Instructions for the task:
Look below for the line containing "Nuevos aretes cuadrados" and the line containing "如果说德国LAMY卖的是工业", then set down both and every line between them exactly, without pictures.

Supplied records:
########

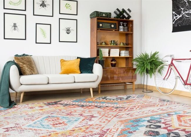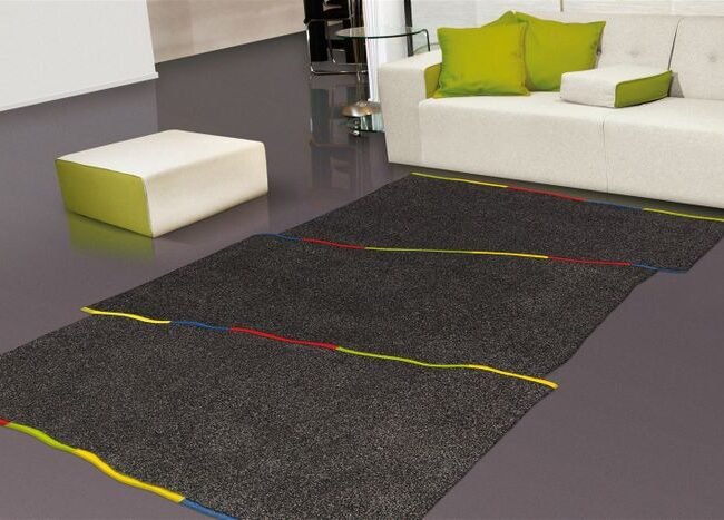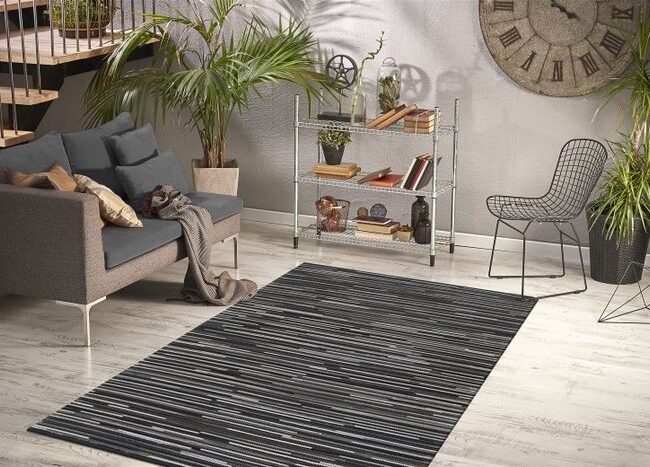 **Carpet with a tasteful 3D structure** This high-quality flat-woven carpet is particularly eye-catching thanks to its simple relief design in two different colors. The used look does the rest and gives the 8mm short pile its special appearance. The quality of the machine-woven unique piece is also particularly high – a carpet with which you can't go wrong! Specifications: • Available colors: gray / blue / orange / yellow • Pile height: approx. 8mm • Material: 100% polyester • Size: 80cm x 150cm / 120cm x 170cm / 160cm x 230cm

########

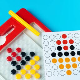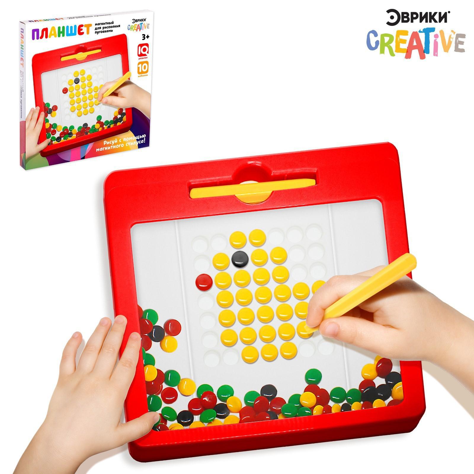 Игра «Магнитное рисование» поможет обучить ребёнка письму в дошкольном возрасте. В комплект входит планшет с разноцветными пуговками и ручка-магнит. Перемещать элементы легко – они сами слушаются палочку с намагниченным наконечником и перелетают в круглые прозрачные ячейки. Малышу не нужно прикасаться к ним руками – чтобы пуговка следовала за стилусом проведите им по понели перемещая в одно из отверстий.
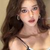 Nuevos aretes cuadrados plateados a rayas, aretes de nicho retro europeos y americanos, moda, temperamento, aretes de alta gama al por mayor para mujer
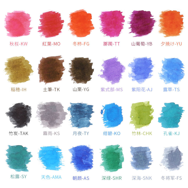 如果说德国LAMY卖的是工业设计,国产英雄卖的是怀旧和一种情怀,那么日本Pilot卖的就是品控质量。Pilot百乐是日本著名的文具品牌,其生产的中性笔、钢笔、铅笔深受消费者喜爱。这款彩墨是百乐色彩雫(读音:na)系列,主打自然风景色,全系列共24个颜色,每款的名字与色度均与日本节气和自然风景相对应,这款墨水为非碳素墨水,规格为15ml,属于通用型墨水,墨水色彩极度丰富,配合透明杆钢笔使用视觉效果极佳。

########

Answer area:
 Nuevos aretes cuadrados plateados a rayas, aretes de nicho retro europeos y americanos, moda, temperamento, aretes de alta gama al por mayor para mujer
 如果说德国LAMY卖的是工业设计,国产英雄卖的是怀旧和一种情怀,那么日本Pilot卖的就是品控质量。Pilot百乐是日本著名的文具品牌,其生产的中性笔、钢笔、铅笔深受消费者喜爱。这款彩墨是百乐色彩雫(读音:na)系列,主打自然风景色,全系列共24个颜色,每款的名字与色度均与日本节气和自然风景相对应,这款墨水为非碳素墨水,规格为15ml,属于通用型墨水,墨水色彩极度丰富,配合透明杆钢笔使用视觉效果极佳。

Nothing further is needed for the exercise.